Collected data |
^^^^^^^^
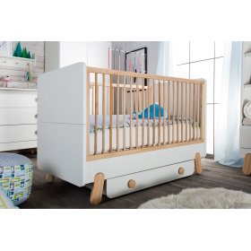 Velkou výhodou této postýlky je, že se dá proměnit na klasickou postel o rozměrech 140 x 70 cm. Postelový rošt je součástí.
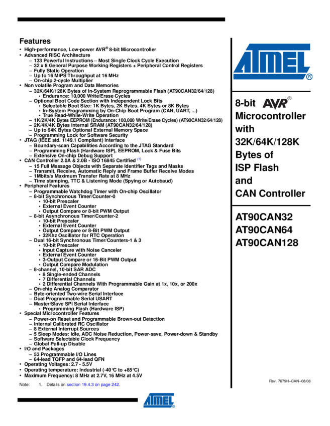 128k Flash, 4k SRAM, 4k EEPROM, JTAG, CAN, TQFP64
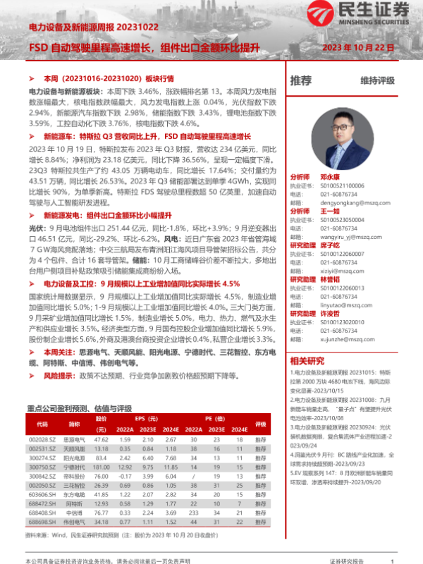 【民生证券】【20231022】电力设备及新能源周报:FSD自动驾驶里程高速增长,组件出口金额环比提升-25页 行业研究
^^^^^^^^
Task directions | Make an exact copy of the listing above, omitting the pictures.

Written answer |
 Velkou výhodou této postýlky je, že se dá proměnit na klasickou postel o rozměrech 140 x 70 cm. Postelový rošt je součástí.
 128k Flash, 4k SRAM, 4k EEPROM, JTAG, CAN, TQFP64
 【民生证券】【20231022】电力设备及新能源周报:FSD自动驾驶里程高速增长,组件出口金额环比提升-25页 行业研究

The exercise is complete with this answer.